2단계 1차년도 (2018.06 ~ 2019.05)

K-2-1. MOAD: Modelling Observation-based Approximation Dependency (국제학회: SCAM)

뮤테이션 기반 의존성 예측 모델 3종 개발 (Once Success, Logistic, Bayesian)
개발된 모델을 바탕으로 기존 의존성 분석 모델 대비 18%만의 데이터를 사용하여 의존성을 예측 (accuracy: 약 89%), 분석 속도 기준 456% 향상으로 목표 달성
DOI: https://doi.ieeecomputersociety.org/10.1109/SCAM.2019.00011

 @inproceedings{Lee2019pl,
  author = {Lee, Seongmin and Binkley, David and Feldt, Robert and Gold, Nicolas and Yoo, Shin},
  booktitle = {19th IEEE International Working Conference on Source Code Analysis and Manipulation},
  series = {SCAM 2019},
  title = {{MOAD}: Modeling Observation-based Approximate Dependency},
  year = {2019}
}

K-2-2. Amortising the Cost of Mutation Based Fault Localisation using Statistical Inference (보고서)

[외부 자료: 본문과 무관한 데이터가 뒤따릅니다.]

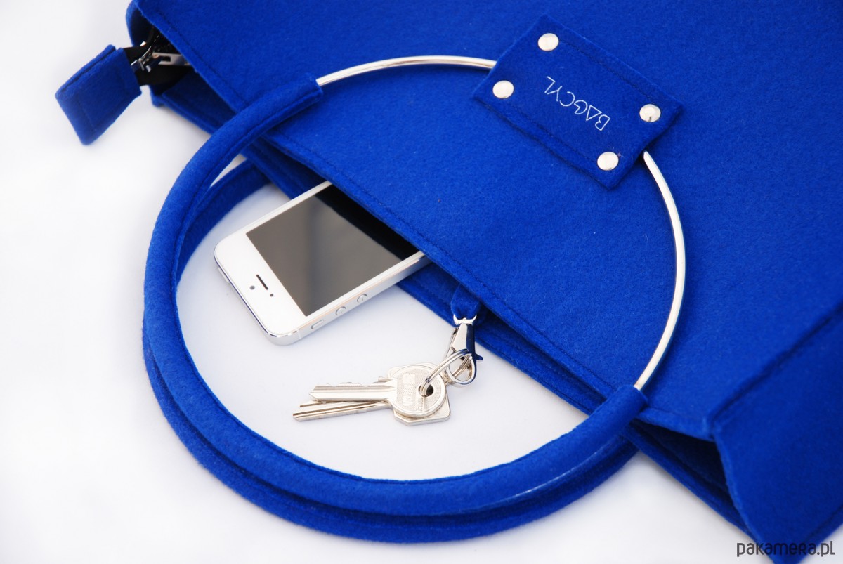 Torebka „Elegantka” jest wykonana z włoskiego filcu o grubości 3 mm. Rączki torby, metalowe koła o średnicy 20 cm, zostały częściowo obszyte filcem. Torebka ma wszyty suwak, dzięki czemu można ją łatwo zamknąć. W środku jest mała kieszonka oraz specjalna zapinka do przypinania kluczy, co ułatwia ich szybkie znalezienie. Aktualnie produkt dostępny jest w kolorze chabrowym, amarantowym, morskim, fioletowym, ciemnym czerwonym, czarnym. Ten model torebki wykonywany jest również z filcu wełnianego, który można zobaczyć w moim butiku. *Kolory torebek mogą się minimalnie różnić od rzeczywistych w zależności od parametrów monitora. Wymiary torby: wysokość torby bez kół: 30 cm, szerokość torby u góry: 35 cm, szerokość torby u podstawy: 37 cm. Materiał: filc poliestrowy.

과거 뮤테이션 데이터를 분석하여 현재 발생한 결함의 위치를 예측하는 랭킹 모델 4종을 개발 (Exact Match, Partial Match, Logistic Regression, MLP).
357개의 오픈소스 결함에 평가함.
arXiv preprint: https://arxiv.org/abs/1902.09729, PDF: K-2-2 Amortising the Cost of Mutation Based Localisation using Statistical Inference

2단계 2차년도 (2019.06 ~ 2020.03)

K-3-1. Search Based Repair of Deep Neural Networks (보고서)

다중언어 환경 구성 요소로 새롭게 등장한 심층신경망 모델에 대해, 기존에 트레이닝된 모델을 시드로 이용해 추가적인 데이터 없이 수정할 수 있는 휴리스틱 2종 개발 (각각 PSO, DE 기반)
arXiv preprint: https://arxiv.org/abs/1912.12463, PDF: K-3-1 Search Based Repair of Deep Neural Networks

K-3-2. PyGGI 2.0: Language Independent Genetic Improvement Framework (국제학회: ESEC/FSE)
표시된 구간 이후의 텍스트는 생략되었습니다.